Coca-Cola, for instance, posted an 11% increase in earnings per share for its second quarter. At Nestlé, they also rose 11%, while PepsiCo’s profit almost doubled in its latest quarter over 2022.
These profits have led some to say that greedflation, or companies raising prices to pad their profits, is now driving price increases for products like food. It’s especially easy for global food companies to raise prices, given that a few companies own most of the brands in many US grocery stores.
Persistently increasing prices could also help make it more appealing for the Federal Reserve to increase interest rates going forward, the New York Times reported on Wednesday.
But there’s some evidence that consumers aren’t willing to put up with higher food prices indefinitely.
Several of the companies that raised prices also said that sales volumes, or the actual number of products they sold, fell over the last year.

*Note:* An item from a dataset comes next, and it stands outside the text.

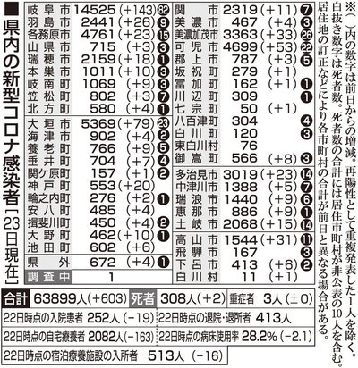【24日速報】岐阜県内で516人が新型コロナ感染 岐阜県と岐阜市は24日、県内で新たに516人の新型コロナウイルス感染を確認したと発表した。県内の感染者は計6万4415人となった。【グラフ】岐阜県の市町村別で見る感染者数はこちら☜【グラフ】入院... 2022年3月24日 15:11
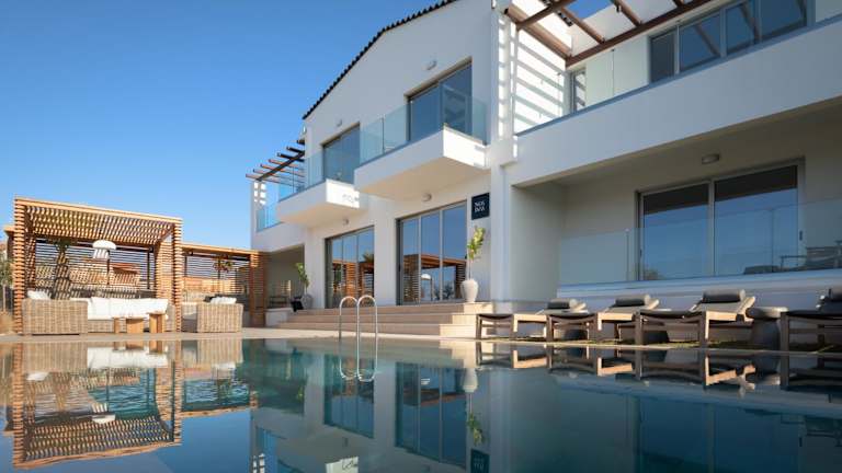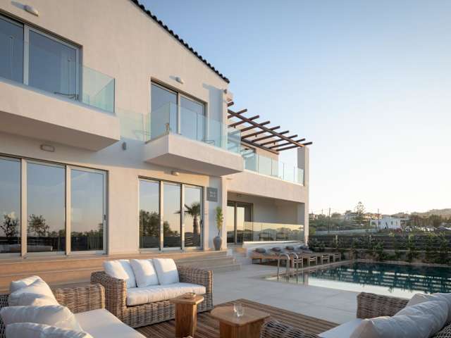 Die Nos Duos Villa in Panormos Rethymno ist ein spektakuläres Strandrefugium, das Ihnen einen atemberaubenden Blick auf das Meer und die Berge bietet. Mit einem saisonalen Außenpool, einem Fitnesscenter und einem Hamam können Sie sich hier vollkommen entspannen. Die Villa verfügt über 6 klimatisierte Schlafzimmer, ein geräumiges Wohnzimmer und eine voll ausgestattete Küche. Der private Strandbereich, der Kinderspielplatz und der Garten bieten zusätzliche Möglichkeiten zur Erholung und Unterhaltung. In der Umgebung können Sie Aktivitäten wie Wandern, Radfahren und Tischtennis ausüben.

When companies raise prices too much or too quickly, consumers stop buying and look for alternatives. That happened earlier this year to Clorox, the company behind Kingsford charcoal. It raised prices but consumers turned to buying Walmart-brand charcoal instead.
Coca-Cola CEO James Quincey said in an earnings call on Wednesday that some consumers in the US and Europe have started to buy cheaper versions of the company’s drinks. “We have seen some willingness to switch to private label brands in certain categories,” Quincey said.
Some retailers have expanded their own-brand offerings to take advantage. Dollar General has recently expanded its private label food line Clover Valley to include 600 products.
And some consumers are also changing where they buy their favorite snacks, if not defecting to store brands
“They are buying more in Dollar stores or they buy more in mass or in clubs,” PepsiCo’s Laguarta said, referencing mass retailers like Walmart and chains like Costco and Sam’s Club, which are known in the retail industry as “club retailers.”